Let $$A$$ be a non-singular matrix of order 3. If $$\det(3 \text{ adj}(2 \text{ adj}((\det A)A))) = 3^{-13} \cdot 2^{-10}$$ and $$\det(3 \text{ adj}(2A)) = 2^m \cdot 3^n$$, then $$|3m + 2n|$$ is equal to ________

Let $$A$$ be a non-singular $$3 \times 3$$ matrix and denote $$\det A$$ by $$d$$.

Case 1: Compute $$\det\Bigl(3\,\operatorname{adj}\!\bigl(2\,\operatorname{adj}((\det A)A)\bigr)\Bigr)$$.

Step 1: Inner-most matrix.
$$(\det A)A = dA$$

Step 2: Adjugate of a scalar multiple (order $$n=3$$).
Formula: $$\operatorname{adj}(kB)=k^{\,n-1}\operatorname{adj}(B)\,\,\,-(1)$$
Applying (1): $$\operatorname{adj}(dA)=d^{2}\operatorname{adj}(A)$$

Step 3: Multiply by $$2$$, then take adjugate again.
First form the matrix $$2\,\operatorname{adj}(dA)=2d^{2}\operatorname{adj}(A)$$.
Using (1) once more with scalar $$2d^{2}$$:
$$\operatorname{adj}\!\bigl(2d^{2}\operatorname{adj}(A)\bigr)=(2d^{2})^{2}\operatorname{adj}(\operatorname{adj}(A))=4d^{4}\operatorname{adj}(\operatorname{adj}(A))$$

Step 4: Evaluate $$\operatorname{adj}(\operatorname{adj}(A))$$.
For an invertible $$n \times n$$ matrix, $$\operatorname{adj}(\operatorname{adj}(A))=(\det A)^{\,n-2}A\,\,\,-(2)$$.
With $$n=3$$, (2) gives $$\operatorname{adj}(\operatorname{adj}(A))=dA$$.

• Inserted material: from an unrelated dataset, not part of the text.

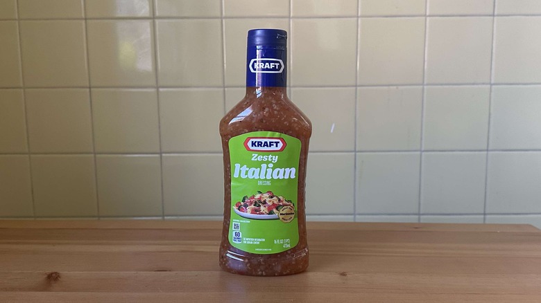Kraft salad dressings are everywhere; there's a good chance you'll find this Italian dressing at your local grocery store or wherever you shop. And if you're looking for a solid, basic dressing, then Kraft's zesty Italian isn't likely to disappoint. When you think of Italian dressing, this is what probably comes to mind: a simple vinaigrette dressing with some acidity, a bit of texture from the oil, and herbs and spices that bring all those flavors together.

Hence the matrix inside the determinant becomes
$$3 \times 4d^{4} \times dA = 12d^{5}A$$

Step 5: Determinant of a scalar multiple.
For $$n=3$$, $$\det(kB)=k^{3}\det(B)$$.
Therefore,
$$\det(12d^{5}A)=(12d^{5})^{3}\det(A)=12^{3}d^{15}\,d=12^{3}d^{16}$$

The question states that this determinant equals $$3^{-13}\,2^{-10}$$, so
$$12^{3}d^{16}=3^{-13}2^{-10}\,\,\,-(3)$$

Factorising $$12^{3}$$(since $$12=2^{2}\,3$$):
$$12^{3}=2^{6}3^{3}$$.
Substituting in (3): $$2^{6}3^{3}d^{16}=2^{-10}3^{-13}$$
Equating powers of $$2$$ and $$3$$ separately,
$$d^{16}=2^{-16}3^{-16}$$

Taking the $$\tfrac{1}{8}$$-th power on both sides,
$$d^{2}=2^{-2}3^{-2}\,\,\,-(4)$$

Case 2: Compute $$\det\bigl(3\,\operatorname{adj}(2A)\bigr)$$.

Step 1: Evaluate $$\operatorname{adj}(2A)$$ using (1).
$$\operatorname{adj}(2A)=2^{2}\operatorname{adj}(A)=4\operatorname{adj}(A)$$

Step 2: Multiply by $$3$$.
$$3\,\operatorname{adj}(2A)=12\,\operatorname{adj}(A)$$

Step 3: Determinant.
$$\det\!\bigl(12\,\operatorname{adj}(A)\bigr)=12^{3}\det(\operatorname{adj}(A))$$
For a $$3 \times 3$$ matrix, $$\det(\operatorname{adj}(A))=(\det A)^{2}=d^{2}$$.
Hence
$$\det\!\bigl(3\,\operatorname{adj}(2A)\bigr)=12^{3}d^{2}$$

Substitute $$12^{3}=2^{6}3^{3}$$ and $$d^{2}$$ from (4):
$$12^{3}d^{2}=2^{6}3^{3}\times 2^{-2}3^{-2}=2^{4}3^{1}$$

Thus $$m=4$$ and $$n=1$$ (since $$2^{m}3^{n}=2^{4}3^{1}$$).

Finally,
$$|3m+2n|=|3(4)+2(1)|=|12+2|=14$$

Therefore, the required value is $$14$$.